9. Christopher Walken as Gabriel, The Prophecy, 1995
Long time ago, I was watching Biloxi Blues on cable, and I remember thinking that Christopher Walken, who plays the drill sergeant, would be ideal casting for Legion, the demonically possessed State Trooper who makes everyone so miserable in The Dead...Walken's delivery would've been perfect. Next time you read the book, think of Legion sounding like him, particularly that scene with the gasoline. Boy, that would've been cool in a movie.
Well damn, that Walken-as-demon idea must've been hanging out there in the aether somewhere, because The Prophecy trades on it like crazy, more power to it. Brilliantly written flick, filled with lines I wish I'd come up with myself...script is by Gregory Widen, who also directed...it does a very good job on the ideas, even though the ending is a bit weak, due to budget constraints, I understand. Story posits a second war in heaven...sorta like Iblis, Gabriel, the Angel of Death, decided human beings sucked a while back (he calls us the "talking monkeys") and has been working to our detriment in a three-way battle with God and Satan. Satan, by the way, is a very effective Viggo Mortensen, who almost made this list, but just doesn't get enough screen-time. After a gruesome murder in NYC (wierd eyeless hermaphoriditic earthly angel-body has turned up in an alley) Gabriel, Satan, an unfallen angel named Simon (Eric Stoltz)and befuddled doubting priest-turned-cop Elias Koteas all converge on an Arizona town where there's a very nasty human soul that the devils want to collect.
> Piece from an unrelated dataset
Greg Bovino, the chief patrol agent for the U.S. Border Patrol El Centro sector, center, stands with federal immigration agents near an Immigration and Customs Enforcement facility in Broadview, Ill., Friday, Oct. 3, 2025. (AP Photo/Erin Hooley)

There's some cool subtle stuff, such as a little girl telling Simon that her name is Mary, and he says, "that's a nice name," and you realize he's personally familiar with the Blessed Virgin...there are also some really funny scenes, like when Gabriel is questioning some kids, and he's letting them blow things up with his trumpet, and he leaves them with the advice, "study your math, it's the key to the universe." But Walken is also pretty stone scary (as is Mortensen), and when he tells a waitress at a cafe that "I don't think I'll be through here again," and she replies, "Suits me," we really sympathize...
Fun fact for all you Dead fans: the guy who did the prosthetic makeup work on this movie is named Scott Patton, and he went to work for KNB-EFX, and he read The Dead and showed it to Greb Nicotero, telling him it would make the best zombie movie ever, and that's why that whole KNB thing happened.
10. Al Pacino as John Milton, The Devil's Advocate, 1997
I think All that Money Can Buy is a better movie than The Devil's Advocate, but I think Devil's Advocate has a slightly better devil. If push came absolutely to shove, and I had to chose between Walter Huston's Mr. Scratch and Al Pacino's John Milton, I'd give the latter a teeny-tiny edge. Might just be because All That Money Can Buy has these "American" preoccupations and is kinda anti-capitalist, pro-lawyer and left-wing, while Devil's Advocate is quite anti-humanistic and bashes the hell out of lawyers, and all that goes a long way with me. Certainly, if you don't like potshots at shysters, this won't be the devil movie for you...
Keanu Reeves plays Kevin Lomax, a handsome young up-and-coming southern attorney who attracts the attention of a big New York law firm after springing a really horrible child molester, who we find out is a child murderer later on... Keanu's potential employer is John Milton, whose office is a concrete bunker (great production design), and who has a disturbing big-nosed, big-thumbed pinocchio-puppet clown statue on his desk...Milton quizzes Lomax, sees that he's well along the road to perdition, and signs him up. Lomax cuts quite a swathe in the big apple, rescuing lots of bad guys and destroying his marriage (to the adorable Charlize Theron) in the process....at every turn, Milton, with a truly satanic gleam in his eye, sizes him up (and trains him) by offering him alternatives to doing the wrong thing, but Lomax always comes up with some sort of shitty-if-clever justification for sliding farther down the slippery slope. Ultimately, though, he has second thoughts when his wife commits suicide, he discovers he's working for the Devil Himself, and that Satan is his dad...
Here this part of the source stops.